_Required work_
Retype exactly what runs from the first line of the data to the line with "Μεταξύ των 237", keeping both of those lines and skipping pictures.

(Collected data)
= = = = =
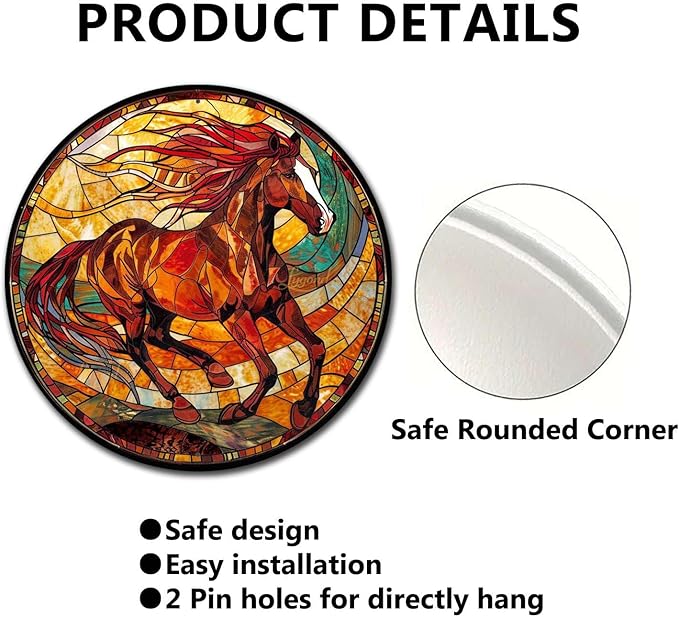 Lygond Metal Sign Tin Sign Circular Stained Glass American Mustang Bar Signs for Home Decor for Garden 12×12 Inches
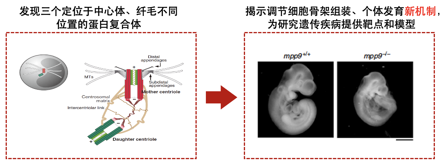 中心体是哺乳动物细胞中重要的微管组织中心,用于保障细胞结构的稳定与有丝分裂的顺利进行。初级纤毛是一种由微管及其附属结构蛋白所组成的不具有运动功能的细胞器,它利用“天线”状的结构,感知和传导在发育和维持稳态过程中不同种类的信号。近年来的研究表明,中心体与纤毛在结构和功能方面的缺陷会导致如脑发育畸形、视网膜退化等遗传性神经系统疾病;与其他细胞器的研究相比,对于中心体、纤毛功能的研究还处于非常初级的阶段。虽然一些可定位于中心体与纤毛的蛋白陆续被发现,但这些蛋白的具体功能,以及保障胚胎正常发育的分子机制尚不清楚。
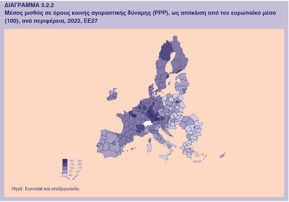 Μεταξύ των 237 περιφερειών του δείγματος των χωρών της ΕΕ των 27, οι ελληνικές περιφέρειες καταλήγουν να καταλαμβάνουν τις τελευταίες θέσεις στον μέσο μισθό. Το 2009, η περιφέρεια Βορείου Αιγαίου κατατασσόταν στην 202η θέση, ενώ το 2022, εμφανίζεται στην 237η (τελευταία). Αντίστοιχα, η περιφέρεια Ηπείρου εμφανίζεται στην προτελευταία θέση (236η). Κατά μέσο όρο, μεταξύ του 2009 και του 2022, οι περιφέρειες της επικράτειας έχουν υποβαθμιστεί κατά περίπου 40 θέσεις.
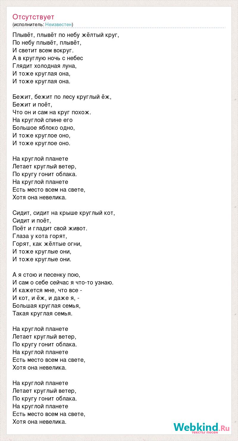Плывёт, плывёт по небу жёлтый круг, По небу плывёт, плывёт, И светит всем вокруг. А в круглую ночь с небес Глядит холодная луна, И тоже круглая она, И тоже круглая она. Бежит, бежит по лесу круглый ёж, Бежит и поёт, Что он и сам на круг похож. На круглой спине его Большое яблоко одно, И тоже круглое оно, И тоже круглое оно. На круглой планете Летает круглый ветер, По кругу гонит облака. На круглой планете Есть место всем на свете, Хотя она невелика. Сидит, сидит на крыше круглый кот, Сидит и поёт, Поёт и гладит свой живот. Глаза у кота горят, Горят, как жёлтые огни, И тоже круглые они, И тоже круглые они. А я стою и песенку пою, И сам о себе сейчас я что-то узнаю. И кажется мне, что все - И кот, и ёж, и даже я, - Большая круглая семья, Такая круглая семья. На круглой планете Летает круглый ветер, По кругу гонит облака. На круглой планете Есть место всем на свете, Хотя она невелика. На круглой планете Летает круглый ветер, По кругу гонит облака. На круглой планете Есть место всем на свете, Хотя она невелика.
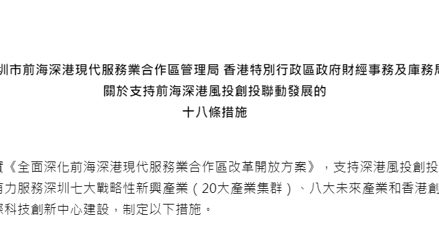 深港「联合政策包」来了!18措施支持前海风投创投联动发展
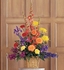 One arrangement with red and yellow carnations, orange gladioli and roses, blue iris and purple stock, is delivered in a square basket.
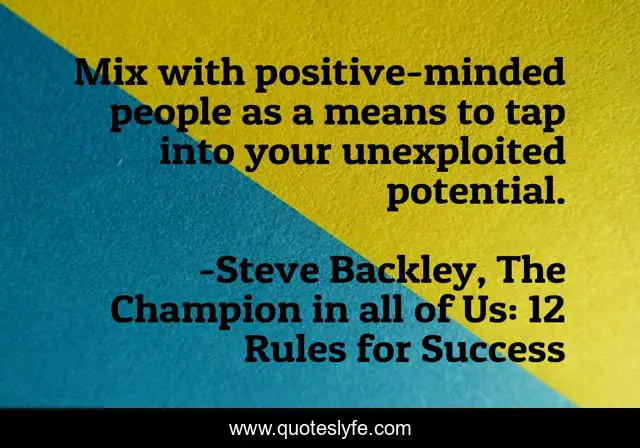 "Steve Backley, The Champion in all of Us: 12 Rules for Success Quotes." Quoteslyfe.com, 2025. Tue. 09 Dec. 2025. <https://www.quoteslyfe.com/quote/Mix-with-positive-minded-people-as-a-32438>.
= = = = =
_Problem solution_
 Lygond Metal Sign Tin Sign Circular Stained Glass American Mustang Bar Signs for Home Decor for Garden 12×12 Inches
 中心体是哺乳动物细胞中重要的微管组织中心,用于保障细胞结构的稳定与有丝分裂的顺利进行。初级纤毛是一种由微管及其附属结构蛋白所组成的不具有运动功能的细胞器,它利用“天线”状的结构,感知和传导在发育和维持稳态过程中不同种类的信号。近年来的研究表明,中心体与纤毛在结构和功能方面的缺陷会导致如脑发育畸形、视网膜退化等遗传性神经系统疾病;与其他细胞器的研究相比,对于中心体、纤毛功能的研究还处于非常初级的阶段。虽然一些可定位于中心体与纤毛的蛋白陆续被发现,但这些蛋白的具体功能,以及保障胚胎正常发育的分子机制尚不清楚。
 Μεταξύ των 237 περιφερειών του δείγματος των χωρών της ΕΕ των 27, οι ελληνικές περιφέρειες καταλήγουν να καταλαμβάνουν τις τελευταίες θέσεις στον μέσο μισθό. Το 2009, η περιφέρεια Βορείου Αιγαίου κατατασσόταν στην 202η θέση, ενώ το 2022, εμφανίζεται στην 237η (τελευταία). Αντίστοιχα, η περιφέρεια Ηπείρου εμφανίζεται στην προτελευταία θέση (236η). Κατά μέσο όρο, μεταξύ του 2009 και του 2022, οι περιφέρειες της επικράτειας έχουν υποβαθμιστεί κατά περίπου 40 θέσεις.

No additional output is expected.